Offset is the instantaneous difference between two clock readings (like the distance between two runners at a specific moment). Skew is the rate of change of offset (the difference in their speeds). Drift is the change in skew over time (their acceleration or deceleration). A quartz clock might have offset of 5 ms (it reads 5 ms ahead), skew of 10 ppm (it gains 10 μs per second), and drift that changes with temperature.
The clock condition L(a) < L(b) whenever a → b is guaranteed by the increment-on-event rule combined with the max-plus-one rule on receive. But the converse can fail because concurrent events can be assigned arbitrary logical times that happen to satisfy L(a) < L(b) even though neither happened before the other. The logical clock adds enough ordering information to enforce the forward direction of causality but not enough to identify concurrency precisely.

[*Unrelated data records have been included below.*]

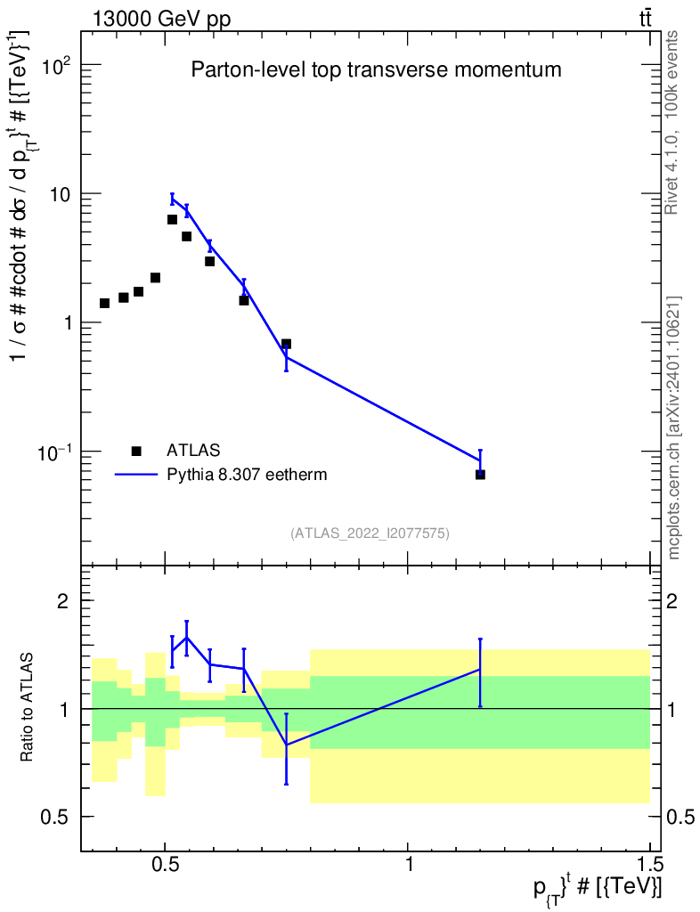 Lines: data, pythia8 8.307 eetherm |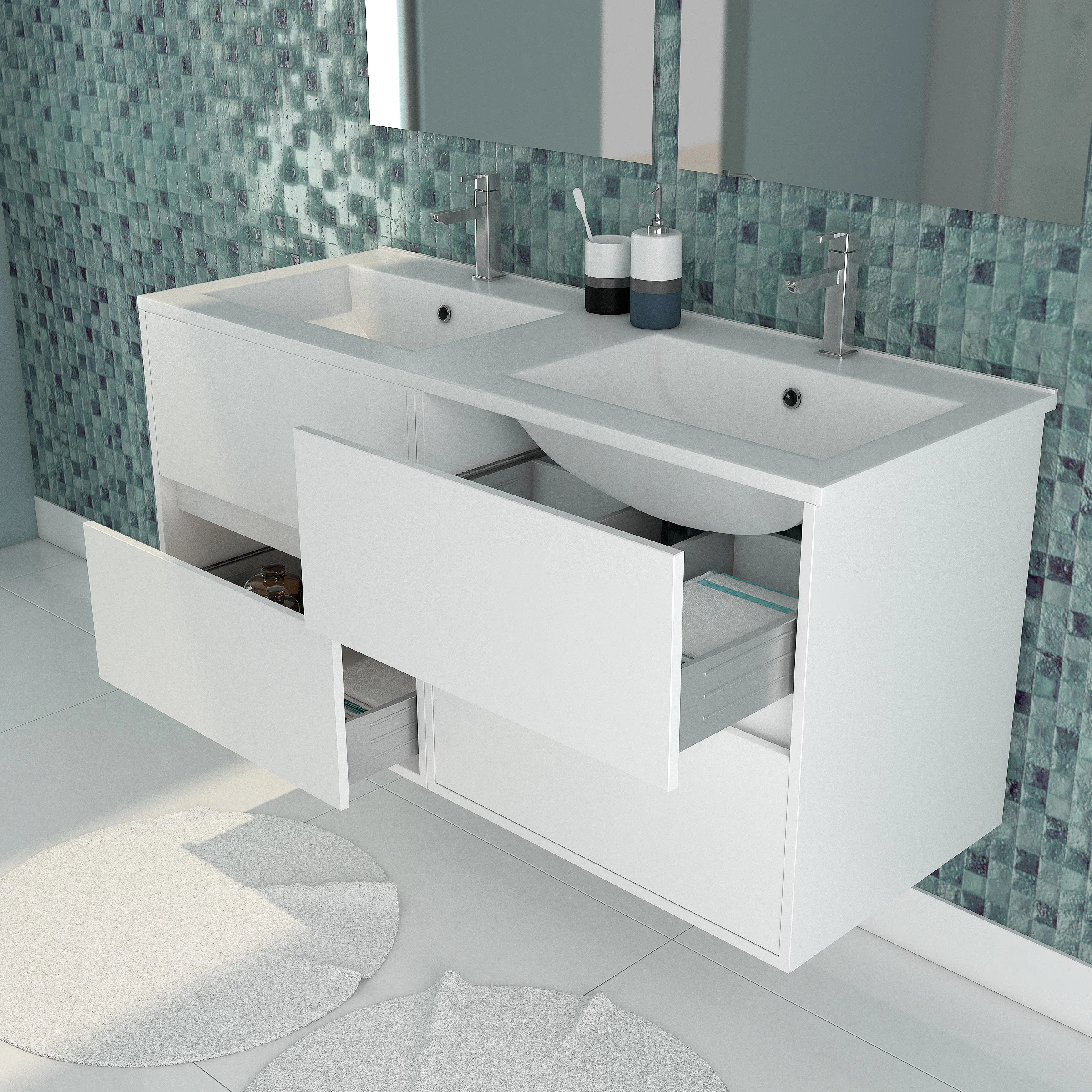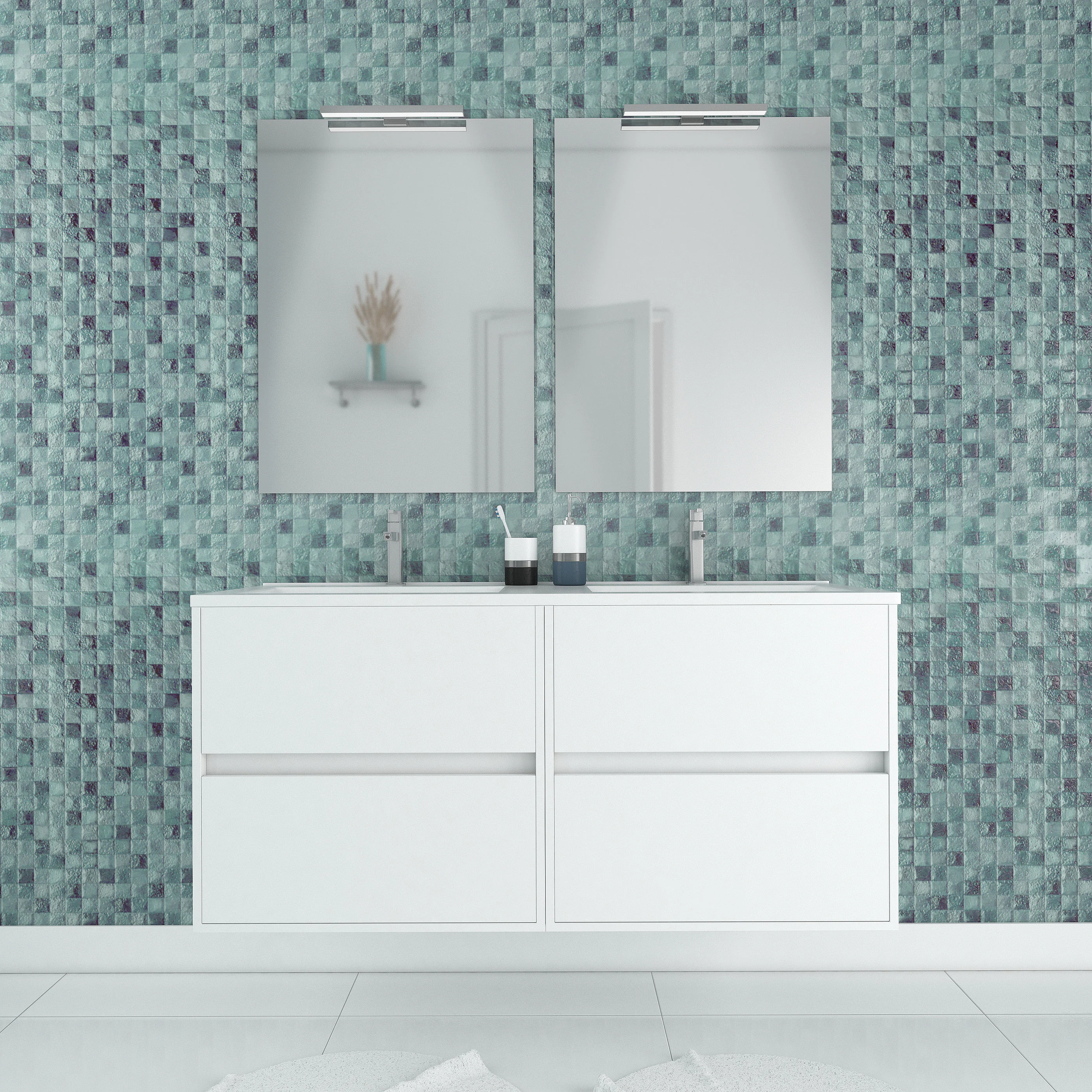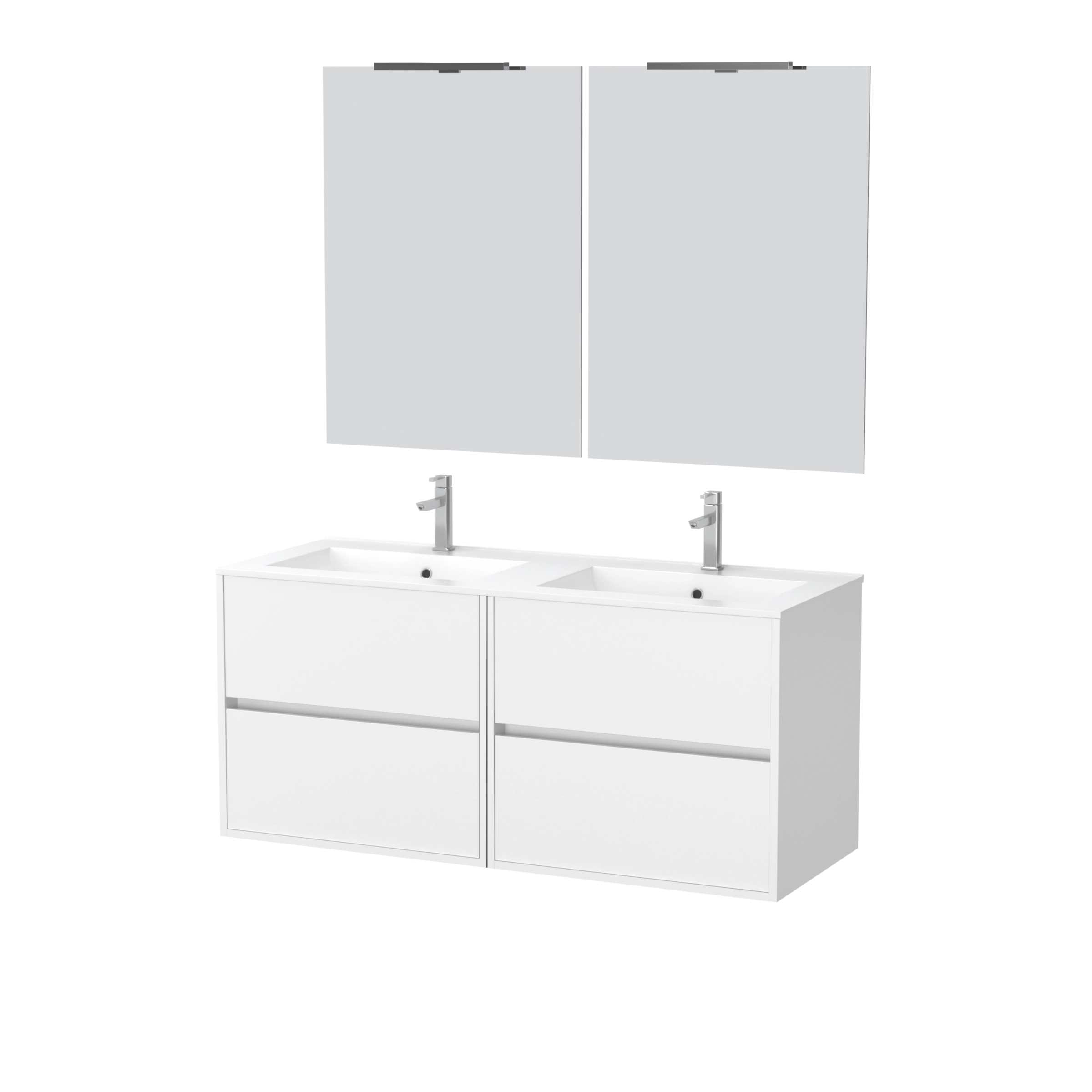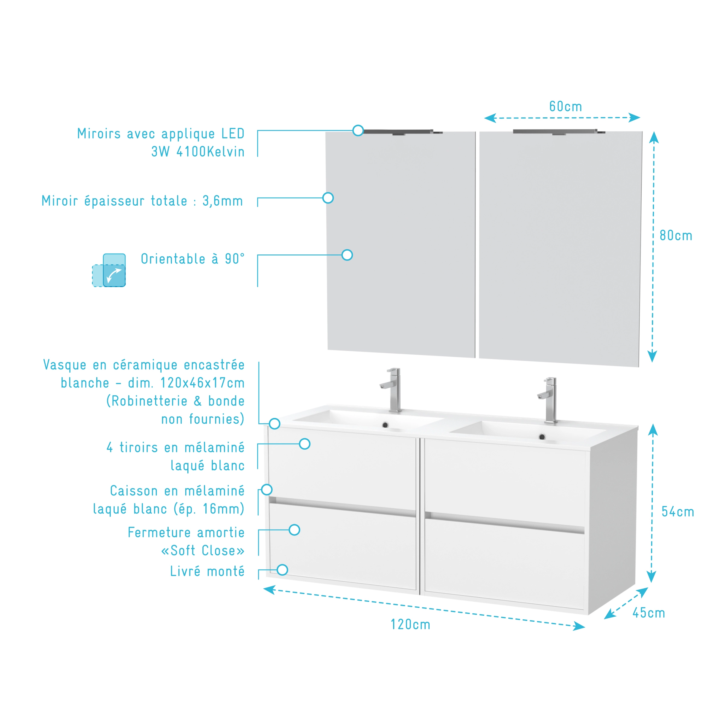 Meuble Salle de Bains 120 cm Laqué Blanc 4 Tiroirs, Vasque, Miroirs 60×80 et Réglettes Led – XENOS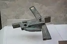It's clear from surviving inventory lists in Gansu and Xinjiang that the crossbow was greatly favored by the Han dynasty. For example, in one batch of slips there are only two mentions of bows, but thirty mentions of crossbows.[36] Crossbows were mass-produced using material such as mulberry wood and brass; a crossbow in 1068 could pierce a tree at 140 paces.[37] Crossbows were used in numbers as large as 50,000 starting from the Qin dynasty and upwards of several hundred thousand during the Han.[38] According to one authority the crossbow had become "nothing less than the standard weapon of the Han armies" by the second century BC.[39] Han era carved stone images and paintings also contain images of horsemen wielding crossbows. Han soldiers were required to pull an "entry level" crossbow with a draw-weight of 76 kg/168lb to qualify as an entry level crossbowman,[40] while it was claimed that a few elite troops were capable of bending crossbows by the hands-and-feet method, with a draw-weight in excess of 340 kg/750lb.[41][42]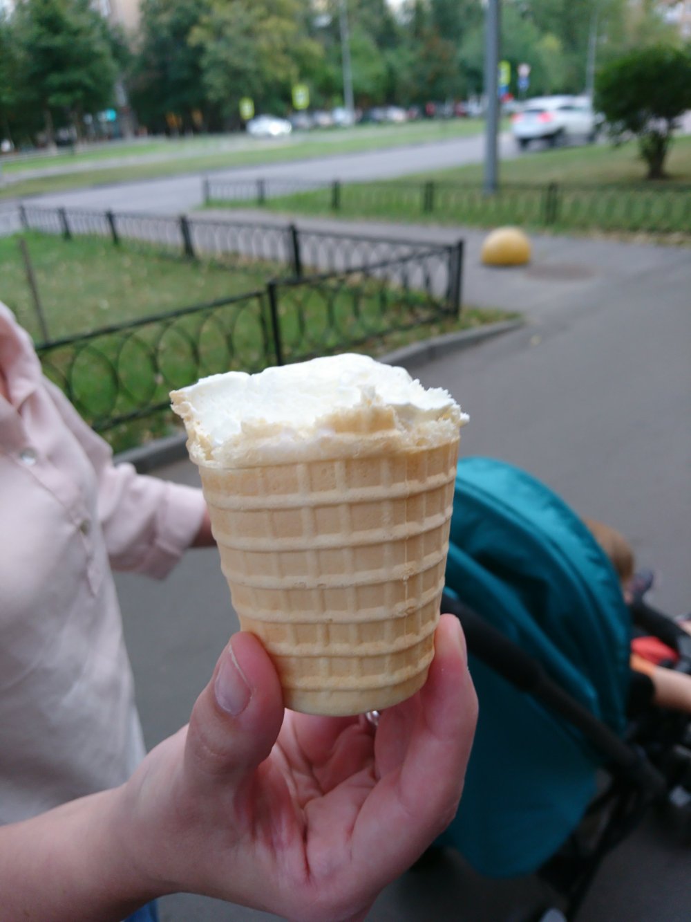 Es otro tipico helado ruso… el otro dia ibamos paseando y nos cruzamos en muy poco espacio de tiempo con 3 o 4 personas comiendo este tipo de helado… como un «cornete» sin piquito…

Essential: high-frequency trading — regulators need to know the exact UTC time of each trade to detect fraud, and millisecond differences can determine which order was placed first. Logical clocks suffice: the bank database example — what matters is the order of updates (which came first), not their absolute time. A Lamport clock can ensure all replicas apply updates in the same order, even without knowing the actual wall-clock time.
NTP provides global absolute time synchronised to UTC, using a hierarchical server architecture. Berkeley provides global relative time among a group of machines without requiring any UTC reference. Use NTP when external time correlation matters (logging, legal compliance, coordination with external systems). Use Berkeley when only internal consistency is needed (sensor networks, cluster-internal coordination) or when UTC access is unavailable.
Synchronisation ensures that events occur in a particular order (ordering messages by logical clock). Mutual exclusion ensures that conflicting actions (e.g., two writes to the same variable) do not overlap. Coordination is the general problem of governing interaction based on both time and the nature of actions, aimed at a global system objective. Mutual exclusion is a form of coordination; synchronisation is a tool for coordination.
Relativity tells us there is no universal “now” — different observers in different frames of reference experience time differently. Distributed systems face an analogous problem: processes on different machines have different clocks, no shared “present,” and no way to define simultaneity absolutely. The distributed systems problem is not just an engineering inconvenience; it reflects a fundamental property of the universe we inhabit.
It bounds the clock frequency deviation from perfect: 1−ρ ≤ dC/dt ≤ 1+ρ. It gives a worst-case bound on how fast clocks can drift apart. Synchronisation algorithms use ρ to determine how frequently they must re-synchronise: if the required precision is ε and the worst-case relative skew between two clocks is 2ρ, then re-synchronisation must occur at intervals of at most ε/(2ρ).